The cyclist talks about his voyage from doper to anti-doping crusader and the state of cycling as the Tour de France kicks off.

Article from Financial Times
David Millar. Click image to expand.
David Millar

It is 1.30pm and Scott's of Mayfair, a renowned fish restaurant on one of London's smartest streets, is buzzing. White-aproned French waiters dance between tables at which expensively dressed men and women are toasting their latest successes. At one end of the small room former snooker world champion Ronnie O'Sullivan is entertaining a group of friends; at the next table society designer Nicky Haslam makes a glamorous journalist laugh, and to my right some executives from Louis Vuitton are engaged in deep conversation with a prominent magazine editor. My table, however, is silent.

David Millar is late and, as I sit re-reading the menu and examining the cutlery, I start to worry whether he's coming at all. After all, professional cyclists are not known for their hearty appetites, especially in the run-up to the Tour de France, the biggest race of the year, which starts this weekend. Fans are familiar with whippet-thin figures hunched over their bikes and articles in cycling magazines describe obsessive regimes to reduce body fat, and thus avoid carrying unnecessary weight up the Tour's vicious mountain climbs. But Scott's menu features oysters with wild boar sausages, fresh Devon crabs and lobster thermidor: if Millar does turn up, will he insist on a protein shake and stick of celery?

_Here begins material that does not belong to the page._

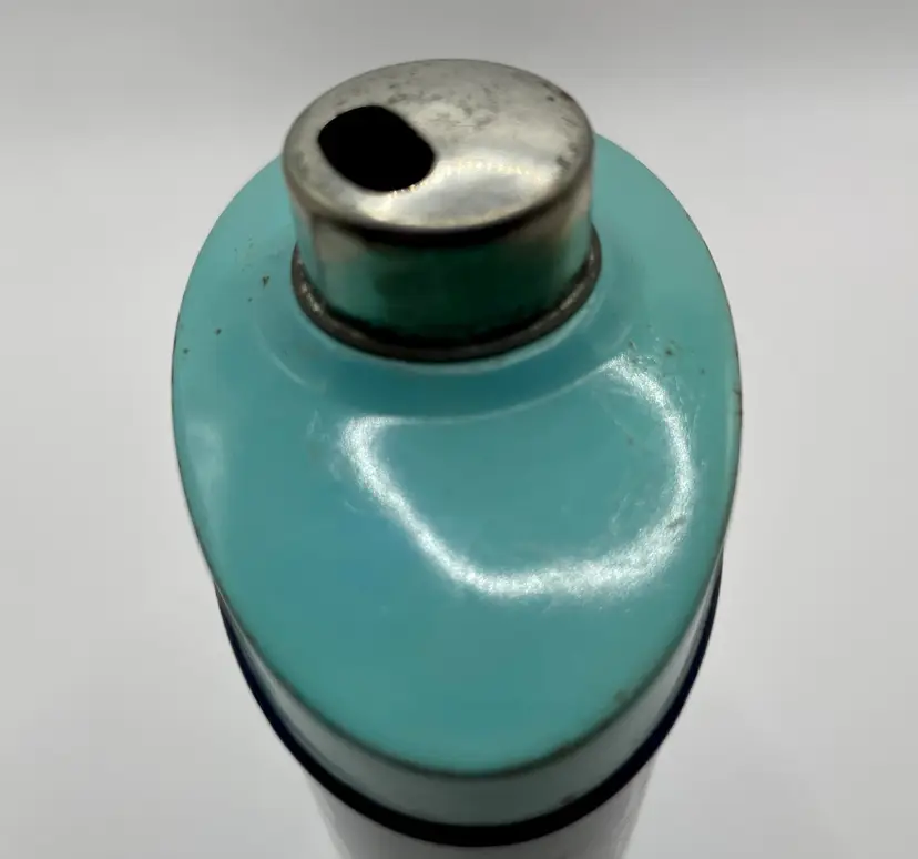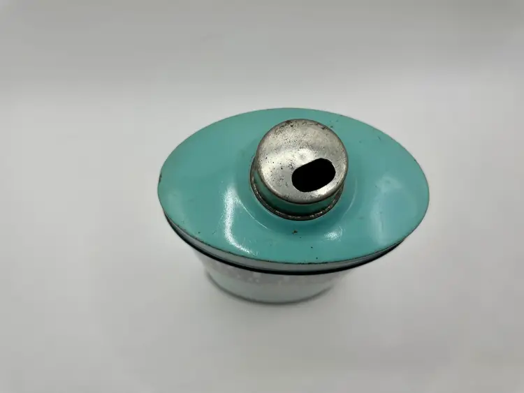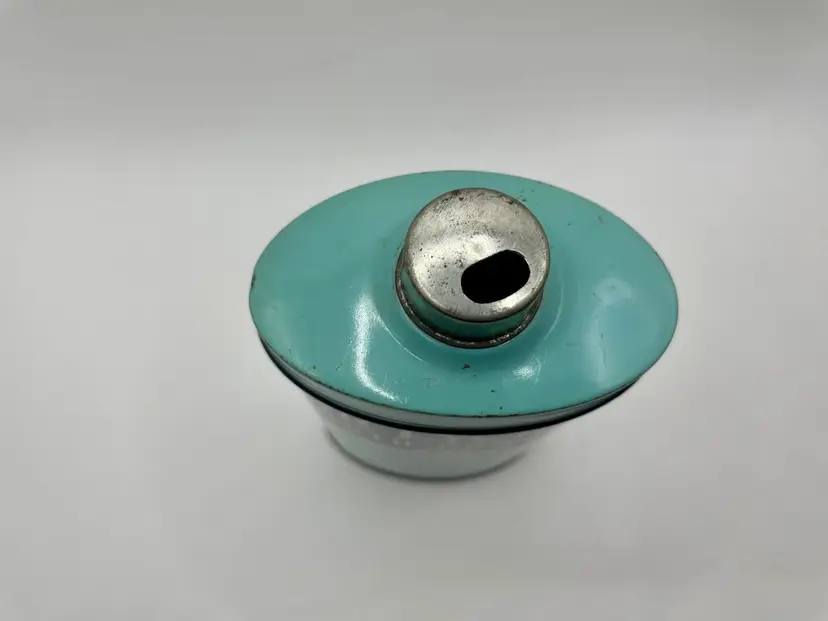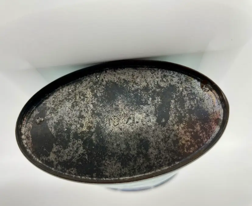 This is the large 10 ounce, not the sample size. Some discoloration, paint loss & one side is a little misshapen. I believe the bottom reads A0617

My fears are unnecessary. When Millar rushes in, 30 minutes late, he apologises, blames the traffic, orders a beer and starts discussing the menu. "I've been looking forward to this all day," he says, eyes gleaming. "I love restaurants like this, that classic French service, all so businesslike." I gingerly push the wine list across the table. We are meeting three weeks ahead of the Tour and I can't help feeling that I might be leading him astray. But Millar doesn't demur, and orders a bottle of Viognier Sainte-Fleur 2008.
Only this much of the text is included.